More concerns about the type of cable were raised in a document drafted in September by the parliamentary committee on ICT.
The committee found that the bandwidth per fibre was too small. Bandwidth is the amount of traffic the fibre can carry simultaneously.
The G655 has a capacity of transmitting 40 gegabites per second whereas the current one can only transmit 2.5Gb, upgradable to 10Gb.

Experts say this is insufficient for Uganda’s current needs. It cannot provide for future growth bearing in mind that other countries, like Rwanda, may tap on the same infrastructure.

“The G652 cable does not have enough provision for future upgrade path for higher data rates, multiple channels and longer distances,” said the ICT committee.
One expert explained that it will be like driving traffic from a 10-lane road converging onto a one-lane road; leading to huge traffic jams.

“Projects like e-health or e-education using video-links may become difficult if not impossible to run across the country because they require huge bandwidth,” the expert said.
Makerere University had planned to set up five up-country centres allowing students to attend classes at the main campus through a video-link. Such projects, the expert said, may be excluded with this type of cable as data and video traffic grows across the country.

Dispersion distance
The committee also established that the reachable dispersion distance for the current cable is less than half of the G655.
This is the distance from where the optical signal, or light, dissipates or phases out.

According to the ICT committee, the reachable distance of the G652 is 80km, whereas the signal for the G655 can reach over 210km.

When the signal phases out, it needs to be regenerated through ‘boosters’, which are expensive to build and maintain.
It will also greatly contribute to ‘down time’ of the infrastructure, meaning the system will shut down.

Cores
Another concern raised is the number of cores of fibre that has been installed.
The cable being laid is only a 24 core fibre whereas experts recommend 96 cores as a minimum to ensure that future growth in data and video usage is not interrupted.

The number of cores determines the number of separate channels.
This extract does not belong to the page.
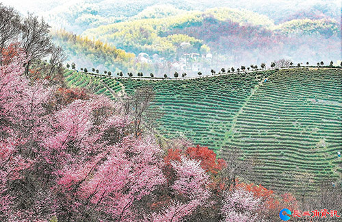 长三角资讯 3月8日,芜湖市繁昌区孙村镇水口村茶园樱花绽放,烂漫的花朵与翠绿的茶树相互映衬,构成如画美景,吸引众多游客前来观赏。通讯员 邢朝明 摄

Security sensitive information, for example, is preferably transmitted through a separate channel.
“The advantage of more cores is that they can be distributed over a much wider area,” an international ICT expert told The New Vision.
“In some instances, the cores not used by the Government could be leased to third party providers, making it a profitable business.”
Uganda will need this additional income to pay off the Chinese loan.

Price
Apart from the type of cable, experts have also raised questions about the price.
Rwanda spent $38m to cover a distance of 2,300km to connect 35 sites.
Uganda, on the other hand, will spend $61.6m to cover 2,100km.
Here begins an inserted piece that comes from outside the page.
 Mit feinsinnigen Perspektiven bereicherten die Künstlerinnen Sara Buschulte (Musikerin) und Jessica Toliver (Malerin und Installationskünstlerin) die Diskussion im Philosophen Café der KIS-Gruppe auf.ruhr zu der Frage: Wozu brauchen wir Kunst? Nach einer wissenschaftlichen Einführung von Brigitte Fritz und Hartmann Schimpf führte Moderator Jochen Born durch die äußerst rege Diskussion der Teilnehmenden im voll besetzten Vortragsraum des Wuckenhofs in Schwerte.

That means that Uganda will spend about $30,000 per kilometre on the project, whereas Rwanda will spend $16,000 per kilometre.
This is despite the fact that Rwanda is using the G655 type, the one recommended by experts, which is slightly more expensive.

MPs and officials of the National Information Technology Authority (NITA) are particularly worried that the Chinese company is continuing the works without any supervision.

The Auditor General in his December report already criticised the lack of proper supervision during the first phase.

He noted that the Project Implementation Unit was only set up six months after the works had started.
“By this time, substantial amount of work on the contract had been undertaken,” the report says.

“Capacity was still lacking in terms of numbers and expertise, with the unit manned by only six technical staff, out of which only four were field-based.”
NITA and the ICT committee have demanded the immediate suspension of the works pending an entire review of the project based on a proper needs assessment study.

“A full technical audit is urgently required to save whatever is left of the $106m, and immediate steps need to be taken to rectify the situation,” said a source.

“Otherwise potentially fatal technical problems are facing both the National Backbone Infrastructure and e-Government.”

Missing the ICT train, NITA says, will be catastrophic for the future of Uganda.
“Wasting $106m is bad enough. But the loss of the money is nothing compared to the long-term consequences of missing the ICT revolution.”